決め手のひと味!おなかいっぱい大作戦‐その3

結論から言うと、やっぱりアッサリボコられた。

物陰からF・F弾を撃ち込もうとした俺は、

気が付けば『ツルンッ』の文字を踏みつけており、

滑ってコケたところを康一に接近されて

Act3.FREEZEであっけなく地面に沈んだ。

仗助に触れるうんぬん以前に、康一一人にやられちまった。

そして、慌てて参戦してきたプリキュアたちの姿を認めた仗助は、

動けない俺をキッチリとドララララとボコッて再起不能にしていったわけだ。

 

…当然だが、本人じゃあない。

承太郎の記憶を元に復元したイミテーションだ。

だが本人をしっかり再現してもいない。

それをやったら、ジョセフの言うところの『死者の復活』になっちまうからな。

だから、花寺は何度かの練習を経てこうやることにした。

俺達を、『矢』を持つ『明確な敵』と設定して。

敵に対する『戦闘』だけを再現したマシーンを作ったんだ。

これはこれでおぞましい。
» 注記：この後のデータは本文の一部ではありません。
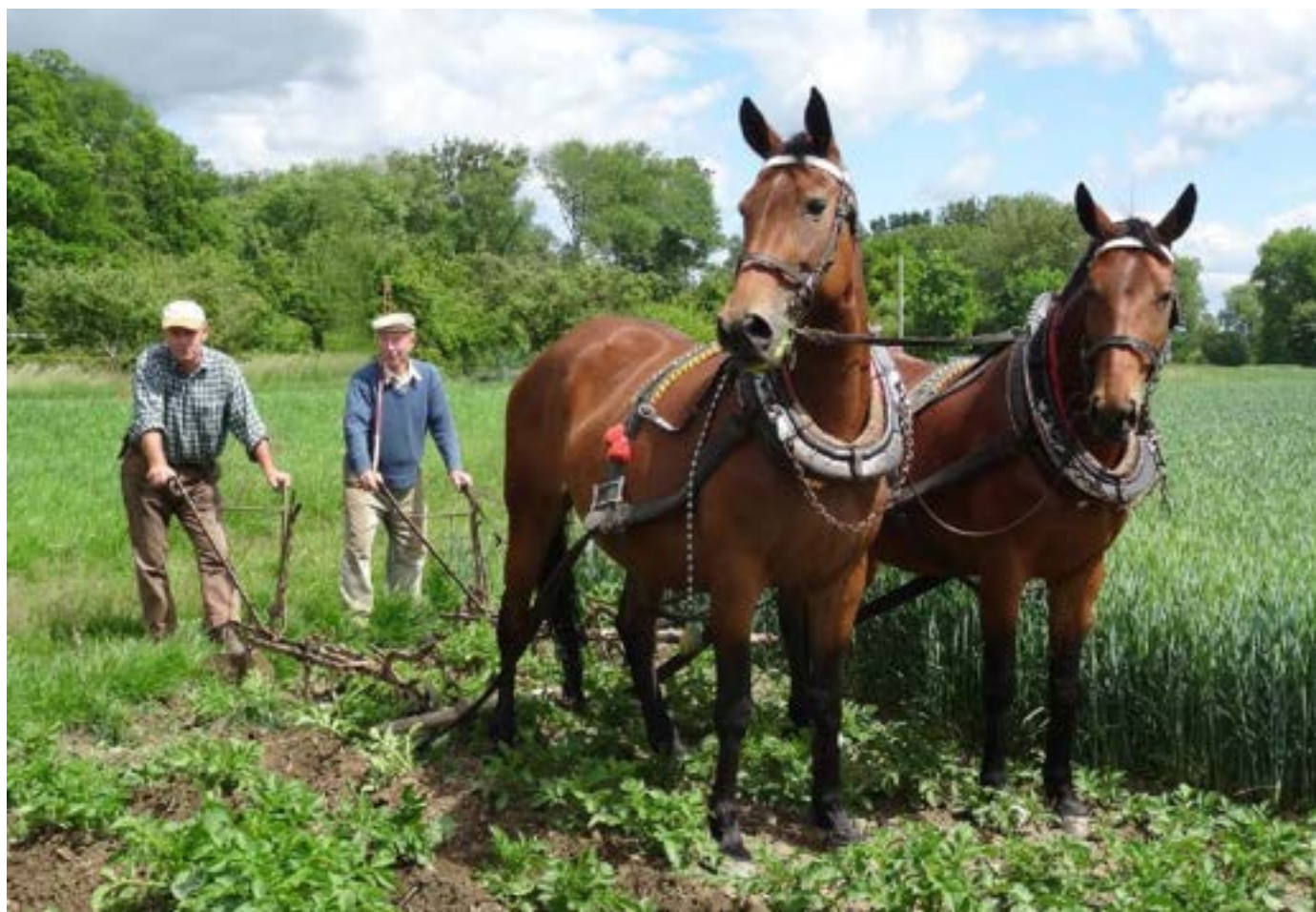
Hospodáři Gardavští – otec a syn

人を人とも思わない行為と言えるかもしれない。

そう思った上で、花寺は割り切った。

 

「クレイジー・ダイヤモンド。あなたは誰よりも優しい力!

 ザ・ハンド…無敵の右手は、最後まで誰の生命も奪わなかった。

 エコーズ。大切な人たちと町を、ついに守り切った『音』!

 ……お願いします。わたしたちに戦いを教えてください」

 

罪滅ぼしになんかならないって、花寺自身が思ってるんだろうな。

それでも、他の誰にも任せず、花寺自らが作った。

俺達は負けたら死ぬ戦いの中にいる。取れる手はすべて打たざるを得ない。

だから、これは私達みんながやることなのよ。沢泉はそう言って、全員が頷いている。

そもそも言い出しっぺは俺なんだし、全責任の半分は俺によこしてくれていい。

そうやって出来たのは、仗助ロボ。億泰ロボ。康一ロボ。

ラバー素材と、ボルトだとかナットで出来たみたいな姿のそいつらを

今回の舞台、杜王町に放り込んで戦いは始まった。

 

…で、早々に脱落した俺をよそに戦いは続いたわけだが。

わかってはいたが、プリキュアたちの敗北だ。

気絶させられた俺に見ていられるはずもなく、今、こうやって反省会を始めている。

仗助たち行きつけの喫茶店、カフェ・ドゥ・マゴでだ。

当然、仗助ロボたちはいない。戦闘終了後に全員で

『ありがとうございました!』と頭を下げてから消している。

ちなみに、消され際にみんなケガを治された。クレイジー・ダイヤモンドで。

 

「あー。なんだ…その。

 昨日の、東方仗助への暴言は…悪かった。反省する」

 

何も配慮する必要がありゃしない仗助ロボにああされたら、俺も謝るしかないな。

聞いた沢泉は、うなずいてから自身も頭を下げてきた。

 

「私こそ、悪かったわ。

 私のやったことは、ただ負ける原因を作っただけよ。

 これは『夢』だけど、実戦だったら『死ね』と言ってるのも同じ仕打ちよね。

 他にやり方はいくらでもあったはずよ…ごめんなさい」

 

…調子が狂う。

俺が悪かったって言ってるし、でなきゃあお前もこんなことしなかっただろ。

そりゃあ不満には思ったけどよぉぉー。

でも、こんなやり取りを引きずる方が互いに面倒くさいに違いない。

 

「わかった。この件はこれで終わりということで」

「ええ、お願い」

 

余計な話を締めくくった後で話すのは結局、沢泉。

すっかり訓練の司会進行と化している。

すこ中のホープで、ガチのアスリートだからな。

人選としては当然ってとこだな…

 

今回の戦いの経緯は、こうだ。

まず、俺が一瞬で鎮圧された。

距離をとっていたプリキュアたちは間に合わなかった。

それでも数としては3対3。単純なパワーならプリキュア側が上だ。

なので、真っ先に億泰ロボを全力で潰そうとしたが…

そこにきて康一ロボがひたすらイヤラシイ妨害を繰り返してきた。

スパークルの着地点に尻尾文字『ポヨヨォォ~~ン』を置いて、

あらぬ方角にふっ飛ばしたりだとか。

億泰ロボの正面を迂回して突っ込んだフォンテーヌの足元に

尻尾文字『スッテーン』を置いて、突っ込む先をショーウインドウに変えたりとか。

そんなことをやっているうちに、フォンテーヌのすぐ傍にいきなり康一ロボが現れた。

億泰ロボのザ・ハンドで、削り取った空間が閉じる『引き寄せ』で瞬間移動してきたのだ。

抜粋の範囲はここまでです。